Textless NLP: the future of speech generation

Egor Voron
Product AI
Published in
2 min readOct 12, 2021

Solution from:
Facebook AI

Goal:

Modern NLP models such as BERTA or GPT-3 do an excellent job of generating realistic texts that are sometimes difficult to distinguish from those written by a human. However, these models require very large text datasets which are suitable for training, and therefore cannot be used with languages ​​for which such datasets do not exist. In addition, to train such models in colloquial speech (podcasts, audiobooks, etc.), it is necessary to use models for automatic text recognition (ASR), which usually require large computing resources and can allow a considerable number of errors. The task at hand is to create an NLP model that generates a new text from an audio recording — all while solving the aforementioned problems.
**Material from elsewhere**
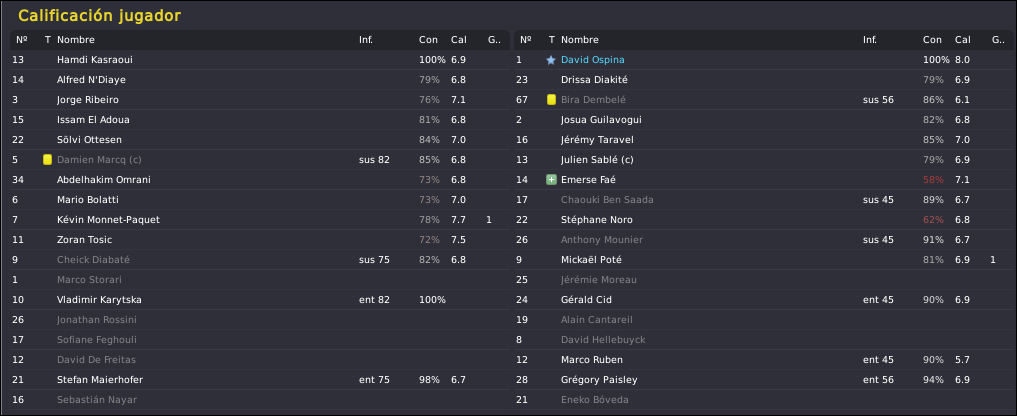 Por desgracia, enfrente teníamos a un porterazo, el colombiano Ospina, que detuvo todo lo que le lanzamos, y se anticipó constantemente a Diabaté. Definitivamente, voy a tener que plantearme el fichar a este chaval, porque pronto será uno de los mejores porteros de la Ligue 1. Sobre el resto del Nice, destacar la labor de su doble pivote Que luchó bienc otnra Omrani y Bolatti; y resaltar otro buen partido de la defensa, que sólo tuvo el error del gol de Poté, el resto del tiempo estuvo impecable. En fin, mal resultado enc uanto a puntos, pero me gustó el juego del equipo, la verdad. Creo que este partido es una señal inequívoca de como ha cambiado el equipo respecto al año pasado.

The complexity of creating such a solution lies in:

  1. Colloquial speech not following formal syntactic rules that would normally facilitate automatic work with the text.
  2. The need to recognize and remember the peculiarities of pronunciation, or “prosody.”
  3. The necessity of choosing metrics for evaluating the obtained result.

Solution:

GSLM (Generative Spoken Language Model) is the first high-performance NLP model that works directly with audio signals and does not require text input. As a baseline, we took a model consisting of three parts: an encoder, which translates the audio recording into rows of “discrete units” (S2u). These are then used to generate new sequences of such units using the language model (uLM). Finally, the decoder (u2S) translates the generated sequences into speech. This model is trained on “raw” audio data.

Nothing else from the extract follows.